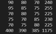 package javaPro.java_array; //2차원 배열보다 가로, 세로가 1씩 더 큰 배열 result를 생성하여, 마지막 행과 열에 합계를 저장하는 프로그램을 구현 public class arrayEx15 { public static void main(String[] args) { int[][] score = { {90, 80, 70}, {95, 85, 75}, {70, 80, 75}, {75, 70, 85}, {70, 75, 80} }; int [][] result = new int[score.length+1][score[0].length + 1];// score.length는 인덱스라 + 1을 해준 것 for (int i = 0; i < score.length; i++) { for (int j = 0; j < score[i].length; j++) { result[i][j] = score[i][j]; // 일반 열 값 넣기 result[i][score[i].length] += score[i][j];//행 result[score.length][j] += score[i][j];// 열 result[score.length][score[i].length] += score[i][j];//전체 } } for (int i = 0; i < result.length; i++) { for (int j = 0; j < result[i].length; j++) { System.out.printf("%5d", result[i][j]); } System.out.println(); } } }
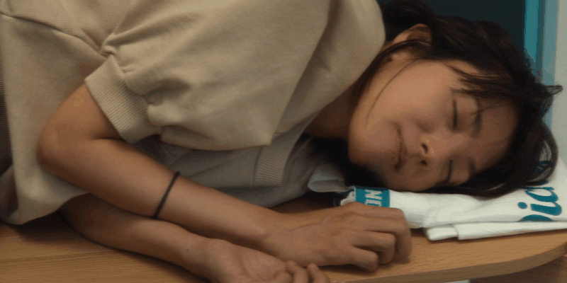 他乖巧的坐在一边,看着也英的睡姿,偷偷学她的模样,嘴角不经意的笑容,整个洗衣房都充斥着暧昧。
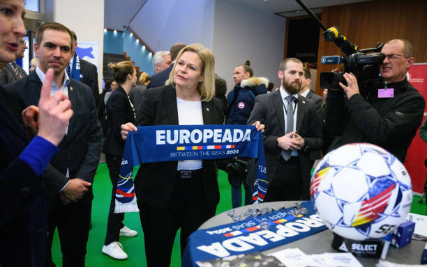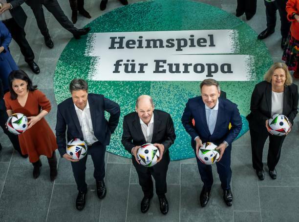 В Германии провели небольшую церемонию начала отсчета 100 дней до старта Евро-2024. Мероприятие посетил канцлер Германии Олаф Шольц и другие известные политики, функционеры и спортсмены.
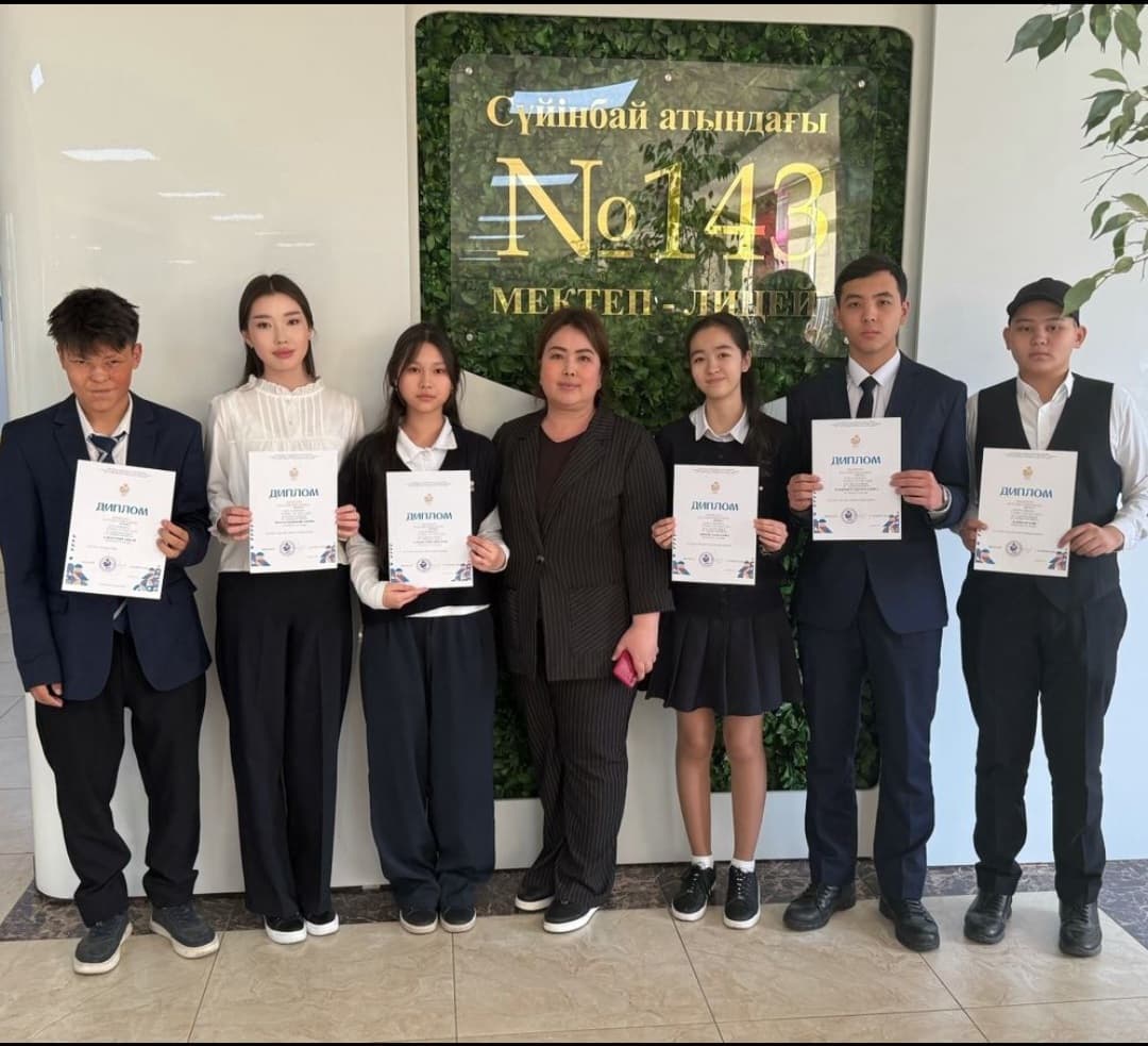 Алматы қаласы Білім басқармасы мен «Алматы дарыны» орталығының ұйымдастыруымен 10–16 қараша аралығында 5–11 сынып оқушыларына арналған «Полиглот» қалалық байқауында физика пәнінен Сүйінбай атындағы №143 мектеп-лицейдің 10А сынып оқушылары Байжан Әли, Рақымбек Дінмұхаммед, 10Б сынып оқушысы Тойғанбай Әлнұр, 10В сынып оқушылары Тоқтасын Амина, Сахабатова Ботагөз, 10Д сынып оқушысы Талғатова Мерей І орын дипломымен марапатталды. Жетекшісі Исаева Алия Зарлыкхановна.
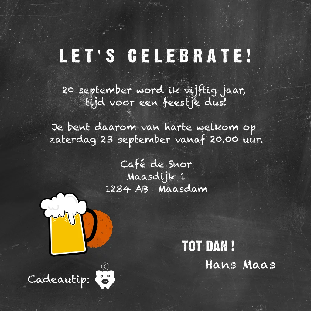 Wat kan er niet ontbreken wanneer je je 50e Abraham verjaardag viert? Precies, het snelheidsbord. Nodig al je familie en vrienden uit met deze leuk geïllustreerde verkeersbord kaart op krijtbord.
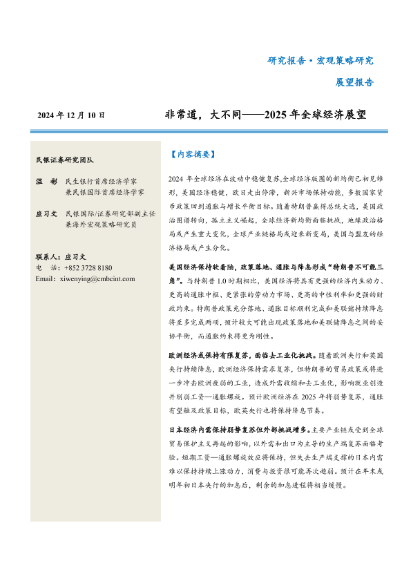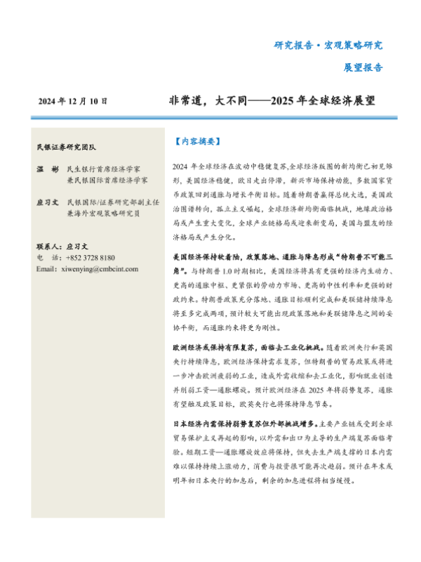 【民银证券】【20241210】2025年全球经济展望:非常道,大不同-42页
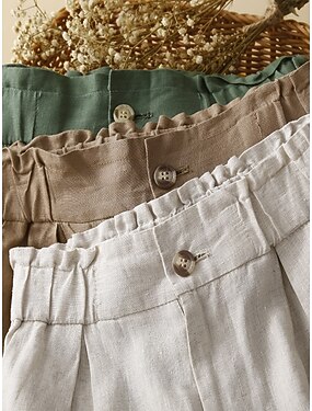 Женские шорты из хлопка и льна Летние шорты Пляжные шорты Объемные шорты Для отпуска Базовые Повседневные До колен Высокая талия Однотонные С карманами Широкие штанины Эластичная талия Комфортные
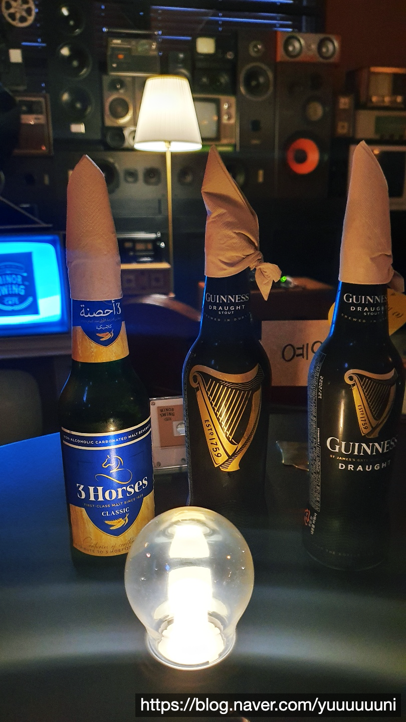곧이어 나온 액주 트리오. 커피도 팔던데, 제가 주문할 때는 사실 커피를 파는지 몰라서 비어 종류를 시켰어요.
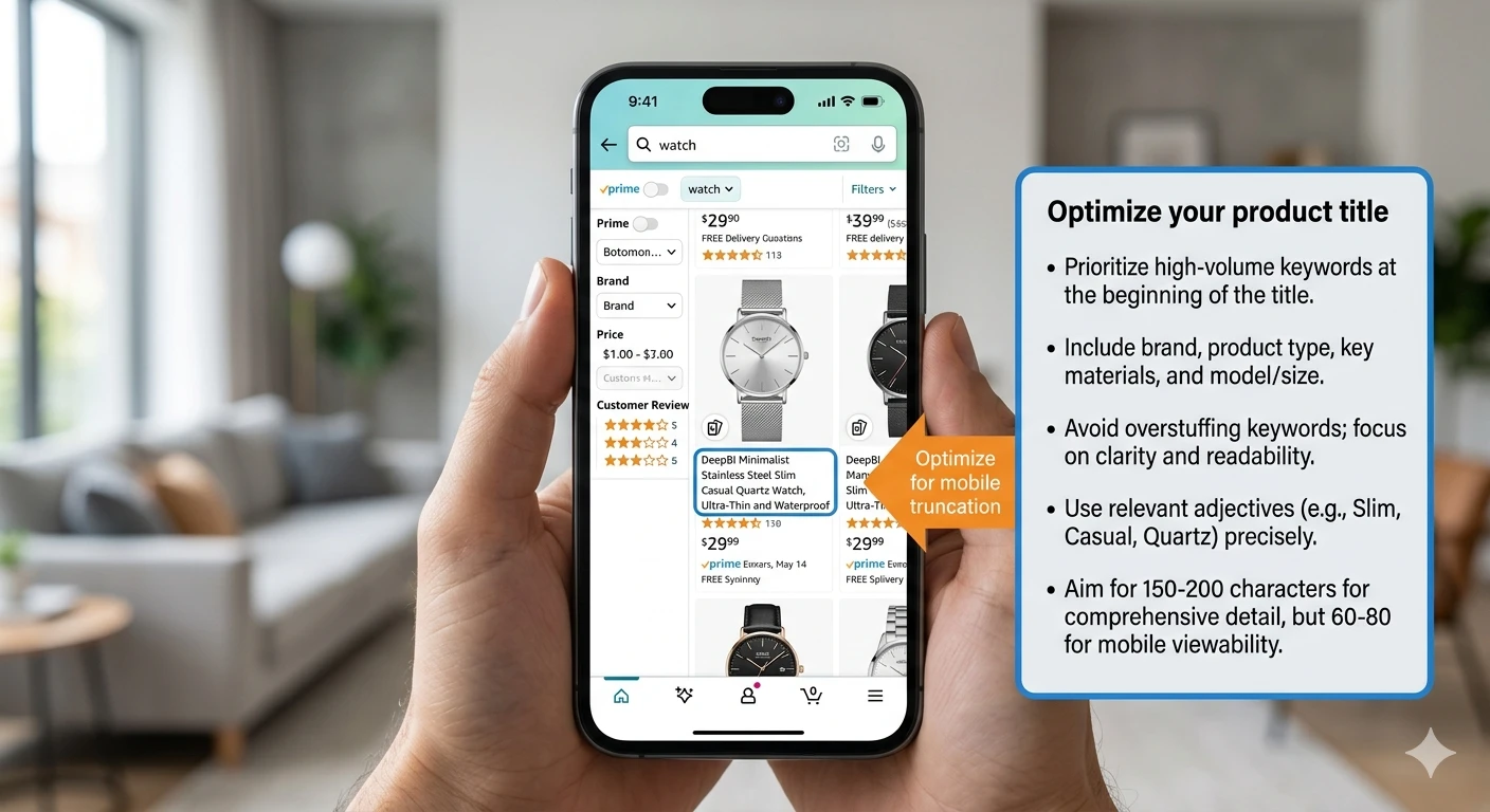 To achieve systematic optimization, titles should generally remain under 150 characters. Each word’s first letter must be capitalized, while promotional phrases should be strictly avoided to maintain professional credibility and prevent listing suppression. The structure must be logical and data-backed, typically following a sequence of Brand Name, Product Type, Key Features, and essential specifications such as size, quantity, or color.
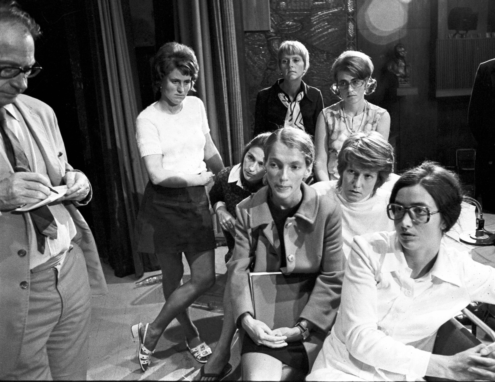 18. september gikk derfor 311 sykepleiere ved sju sykehus på Østlandet ut i streik. Etter to uker, innså sykepleierne at slaget var tapt. På bildet ser vi ledelsen for sykepleieaksjonen er samlet: Bjørg Wendelboe, Inger Johanne Jørgensen, Anne Lise Bergenheim, Eva Heyerdahl, Anne-Marie Grøgaard, Christin Torstensen og Aud Vinje. De orienterer pressen om hva som kom ut av allmannamøtet. Det hører også med til historien at de sju kvinnene i aksjonsgruppen ble stevnet for Arbeidsretten, men det fikk i praksis ingen konsekvenser for de modige sykepleierne.

★ ★ ★ ★ ★

[Task] In the data above, find the line containing "他乖巧的坐在一边,看着也英的" and the line containing "В Германии провели". Copy exactly the stretch from the first through the second, both included, leaving out any picture.

[Your solution]
 他乖巧的坐在一边,看着也英的睡姿,偷偷学她的模样,嘴角不经意的笑容,整个洗衣房都充斥着暧昧。
 В Германии провели небольшую церемонию начала отсчета 100 дней до старта Евро-2024. Мероприятие посетил канцлер Германии Олаф Шольц и другие известные политики, функционеры и спортсмены.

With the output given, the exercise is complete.